> **TASK DIRECTIONS**
Reproduce each line, exactly, from the one containing "Cardigan viRil L/S" through the end of the material. Exclude pictures.
START GIVEN INFORMATION
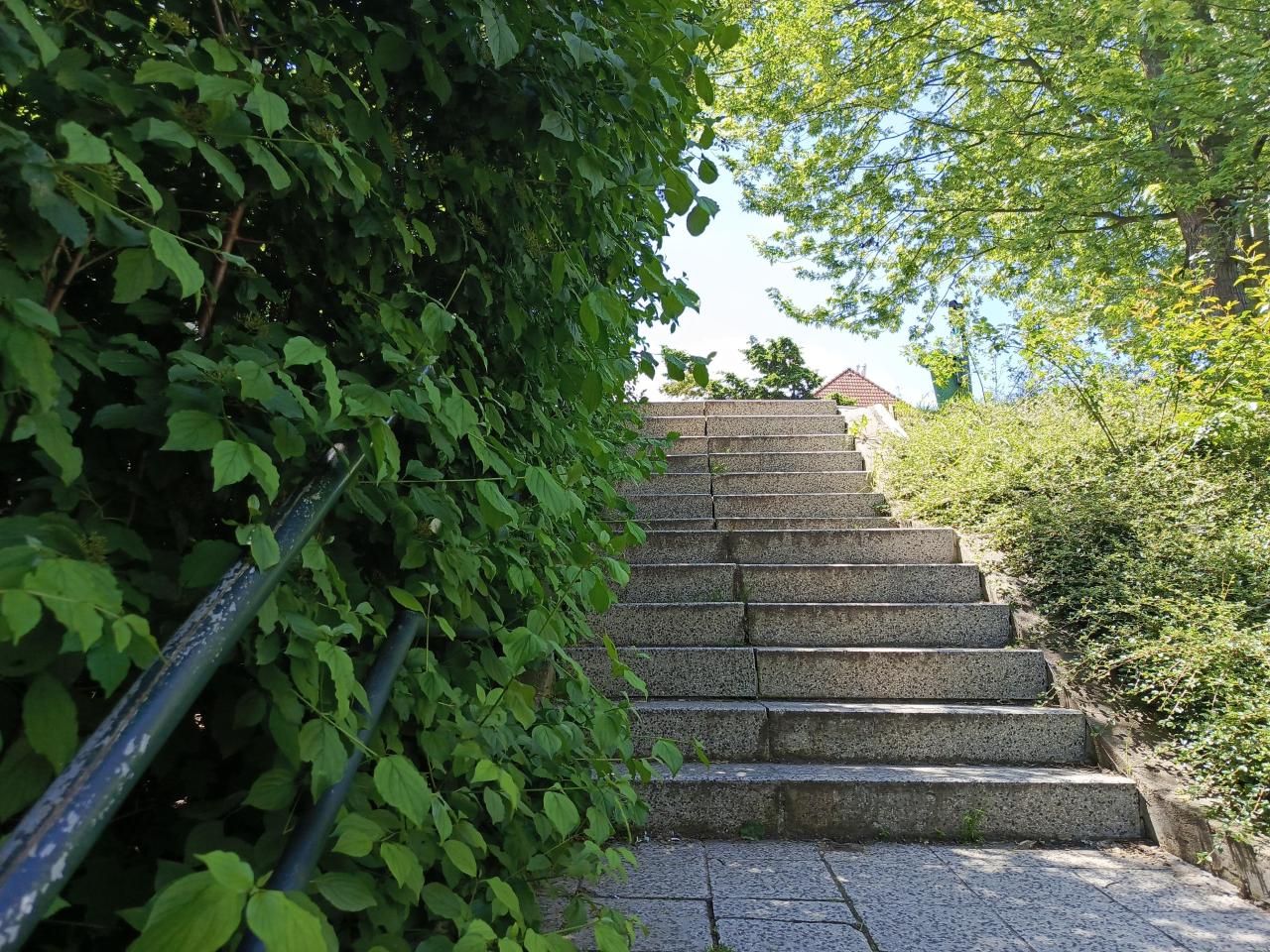 Na sestupu po schodišti mezi ulicemi Vodárenská a Sedlecká,keře prorostly do zábradlí a činí sestup špatně kontrolovaný.
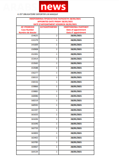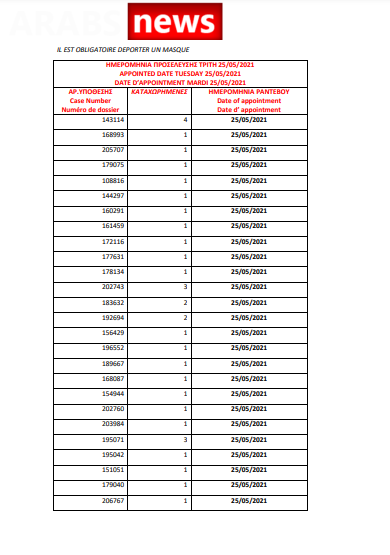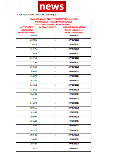 أصدرت دائرة اللجوء اليونانية في مدينة ثيسالونيكي اليوم الخميس 13 مايو 2021، أرقام الباسبورات الجاهزة الخاصة بحالات اللجوء، وسيتم تسليم الجوازات أيام 24 و25 و26 و27 و28 مايو.
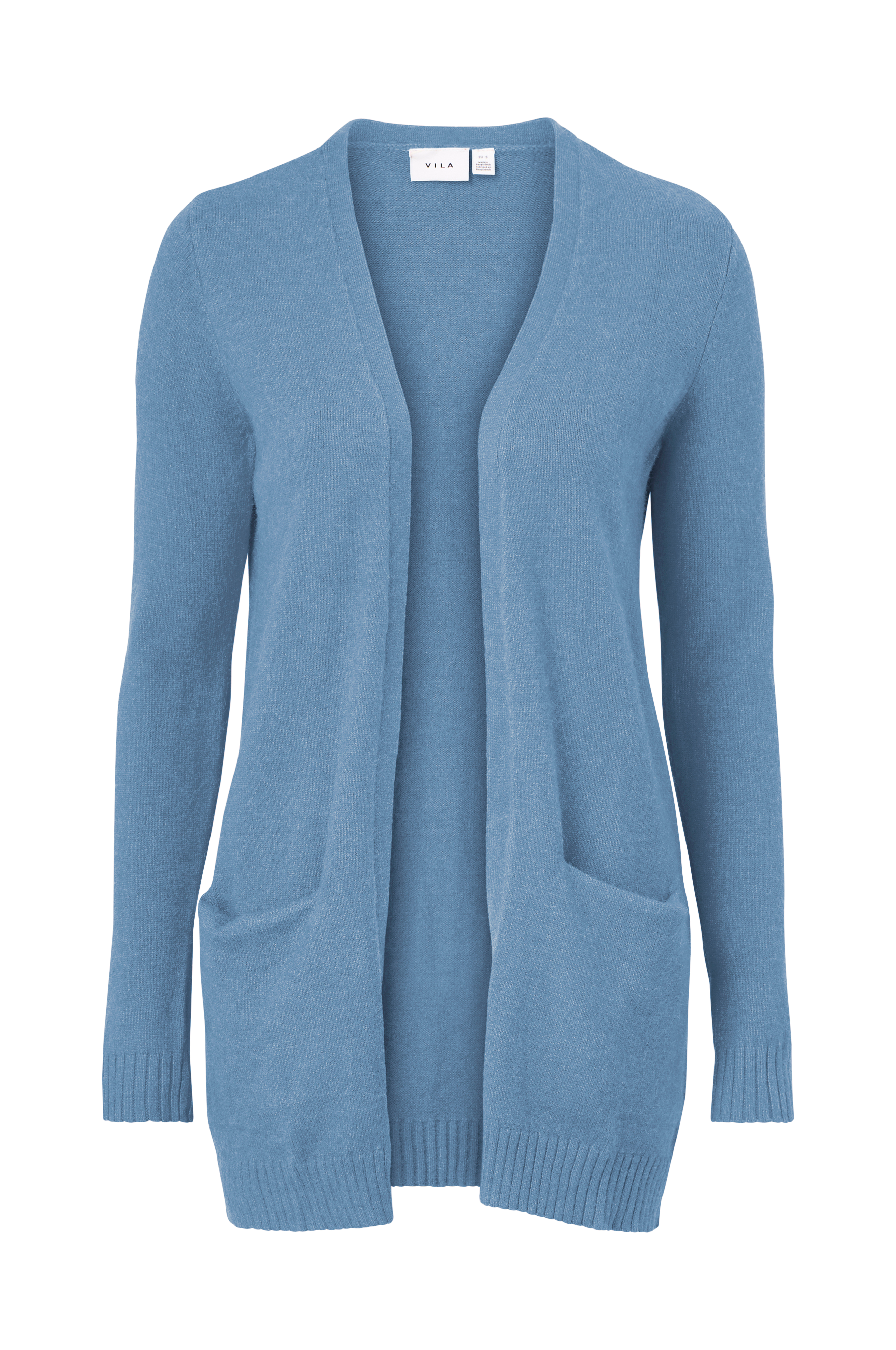 Cardigan viRil L/S Open Knit fra Vila. Lang, flot model uden lukning med indvævet kant foran. To indsatte lommer og groftribbet kant i ærmekanten og forneden. Længde ca. 84 cm i str. M.
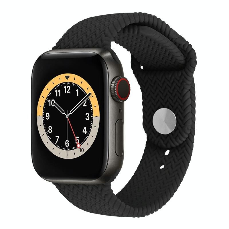 Woven Pattern Silicone Snap Watch Band For Apple Watch Series 7 41mm / 6 & SE & 5 & 4 40mm / 3 & 2 & 1 38mm(Black)
END GIVEN INFORMATION
> **WRITTEN ANSWER**
 Cardigan viRil L/S Open Knit fra Vila. Lang, flot model uden lukning med indvævet kant foran. To indsatte lommer og groftribbet kant i ærmekanten og forneden. Længde ca. 84 cm i str. M.
 Woven Pattern Silicone Snap Watch Band For Apple Watch Series 7 41mm / 6 & SE & 5 & 4 40mm / 3 & 2 & 1 38mm(Black)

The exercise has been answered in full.